With Mayer so new to the job, Microsoft could bring in an external hand-picked CEO to run the assets.
As the companies negotiate terms with the U.S. government, the structure of the deal will affect the price tag.
Projecting TikTok's value is highly speculative at this point. Most of the value simply hasn't been created because the company is just started to put advertising mechanisms in place to capture user value. The Wall Street Journal reported the company projects it will have $1 billion in revenue this year and $6 billion next year.
Shifting the U.S., Canada, Australia and New Zealand away from the rest of the company will lower the price. Still, the deal will likely be in the tens of billions, according to a person familiar with the matter. The app has about 100 million American users, TikTok said last week, and the majority of its most-followed accounts are American.

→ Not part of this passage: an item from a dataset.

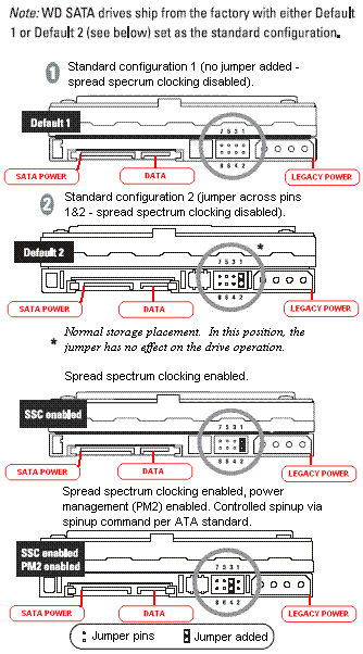 Таким образом, 3 Гбит/с в этих двух дисках WD искать не стоит. :) Зато эта скорость интерфейса появляется во всех остальных жестких дисках серий Caviar SE16 и Caviar RE2 (см. таблицу 1). И уже в тех дисках появляется наклейка на корпусе, как можно переключить скорость интерфейса между 1,5 и 3 Гбит/с. Для WD4000KD и WD4000YR джамперами на интерфейсном торце корпуса можно менять только SSC (размывание частотного спектра) и PM2 (управление электропитанием):
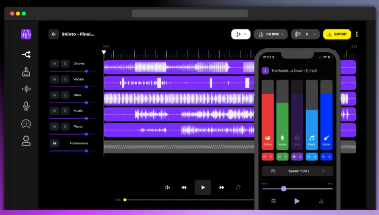 Musicians, content creators, and producers looking for an AI tool to separate audio tracks, remove vocals, reduce noise, and master their music

"It's an exciting proposition for Microsoft," said Steve Ballmer, Microsoft's largest shareholder and former CEO, in an interview with CNBC Monday. "Obviously it depends on the price as well as whatever restrictions come with it from a government perspective."
Microsoft made a particular point to say it was open to inviting "other American investors to participate on a minority basis" in the TikTok deal.
Microsoft doesn't need the money. It's possible Microsoft is keeping the door open for current investors in ByteDance, such as SoftBank Group, Sequoia, General Atlantic, Tiger Global Management, KKR, and NEA to roll over their investments. The company could also be open to taking money from other strategic investors, such as big media companies, who may want a piece of TikTok and could provide expertise in other areas.
Owning a piece of TikTok would be enticing for a lot of companies. The video-sharing application is poised for a huge spike in valuation if it can pull off its advertising integration.
Finally, Microsoft was close to ironing out a structure for a deal over the weekend. Now the deadline on a deal is Sept. 15. Could the framework ByteDance worked out with Microsoft lead to another buyer making an offer for TikTok? Would the U.S. government be amenable to any company other than Microsoft getting a deal done?
There are only so many companies that could easily afford TikTok. And some of those companies -- such as Amazon, Apple and Google -- just testified in front of Congress Wednesday for potentially having too much power over American consumers. Nonetheless, it's rare that a consumer technology asset with as much upside as TikTok comes on the market, so other companies could certainly kick the tires.